Be it enacted by the General Assembly of the State of South Carolina:
Limitation period reduced
SECTION 1. Section 15-3-530 of the 1976 Code is amended to read:
Section 15-3-530. Within three years:
(1) an action upon a contract, obligation, or liability, express or implied, excepting those provided for in Section 15-3-520;
(2) an action upon a liability created by statute other than a penalty or forfeiture;
(3) an action for trespass upon or damage to real property;
(4) an action for taking, detaining, or injuring any goods or chattels including an action for the specific recovery of personal property;
(5) an action for any injury to the person or rights of another, not arising on contract and not enumerated by law, and those provided for in Section 15-3-545;
(6) an action under Sections 15-51-10 to 15-51-60 for death by wrongful act, the period to begin to run upon the death of the person on account of whose death the action is brought;
(7) any action for relief on the ground of fraud in cases which prior to the adoption of the Code of Civil Procedure in 1870 were solely cognizable by the court of chancery, the cause of action in the case not considered to have accrued until the discovery by the aggrieved party of the facts constituting the fraud;
(8) an action on any policy of insurance, either fire or life, whereby any person or property, resident or situate in this State, may be or may have been insured, or for or on account of any loss arising under the policy, any clause, condition, or limitation contained in the policy to the contrary notwithstanding; and
(9) an action against directors or stockholders of a monied corporation or a banking association to recover a penalty or forfeiture imposed or to enforce a liability created by law, the cause of action in the case not considered to have accrued until the discovery by the aggrieved party of the facts upon which the penalty or forfeiture attached or the liability was created, unless otherwise provided in the law under which the corporation is organized.
Statute of limitations
SECTION 2. Section 15-3-535 of the 1976 Code is amended to read:
Section 15-3-535. Except as to actions initiated under Section 15-3-545, all actions initiated under Section 15-3-530(5) must be commenced within three years after the person knew or by the exercise of reasonable diligence should have known that he had a cause of action.

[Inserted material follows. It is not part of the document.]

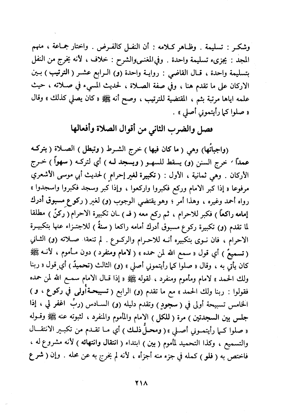 وَفِي الْمُغْنِي وَالشَّرْحِ: خِلَافٌ، لِأَنَّهُ يَخْرُجُ مِنْ النَّفْلِ بِتَسْلِيمَةٍ وَاحِدَةٍ، قَالَ الْقَاضِي: فِي رِوَايَةٍ وَاحِدَةٌ. (وَ) الرَّابِعَ عَشَرَ (التَّرْتِيبُ) بَيْنَ الْأَرْكَانِ عَلَى مَا تَقَدَّمَ هُنَا، وَفِي صِفَةِ الصَّلَاةِ، لِحَدِيثِ الْمُسِيءِ فِي صَلَاتِهِ، حَيْثُ عَلَّمَهُ إيَّاهَا مُرَتَّبَةً بِثُمَّ الْمُقْتَضِيَةِ لِلتَّرْتِيبِ، وَصَحَّ أَنَّهُ صَلَّى اللَّهُ عَلَيْهِ وَسَلَّمَ «كَانَ يُصَلِّي كَذَلِكَ» " وَقَالَ «: صَلُّوا كَمَا رَأَيْتُمُونِي أُصَلِّي» ". فَصْلٌ وَالضَّرْبُ الثَّانِي مِنْ أَقْوَالِ الصَّلَاةِ وَأَفْعَالِهَا.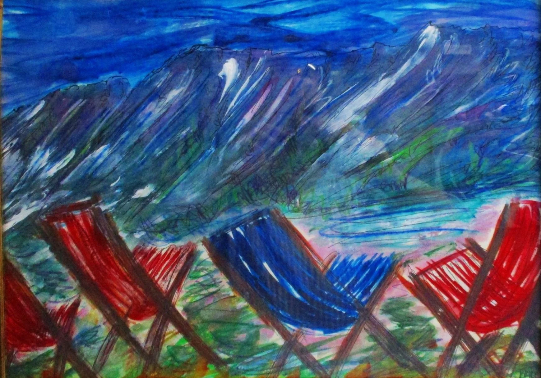Liegestuhl- Auszeit in luftiger Höh´, Aquarell mit Acryl und Fineliner auf Aquarellpapier, ohne Rahmen, 130, -

Three years to bring certain actions and tolling period for minority
SECTION 3. Section 15-3-545 of the 1976 Code is amended to read:
Section 15-3-545. (A) In any action, other than actions controlled by subsection (B), to recover damages for injury to the person arising out of any medical, surgical, or dental treatment, omission, or operation by any licensed health care provider as defined in Article 5, Chapter 79, Title 38 acting within the scope of his profession must be commenced within three years from the date of the treatment, omission, or operation giving rise to the cause of action or three years from date of discovery or when it reasonably ought to have been discovered, not to exceed six years from date of occurrence, or as tolled by this section.
(B) When the action is for damages arising out of the placement and inadvertent, accidental, or unintentional leaving of a foreign object in the body or person of any one or the negligent placement of any appliance or apparatus in or upon any such person by any licensed health care provider acting within the scope of his profession by reason of any medical, surgical, or dental treatment or operation, the action must be commenced within two years from date of discovery or when it reasonably ought to have been discovered; provided, that, in no event shall there be a limitation on the commencement of the action less than three years after the placement or leaving of the appliance or apparatus.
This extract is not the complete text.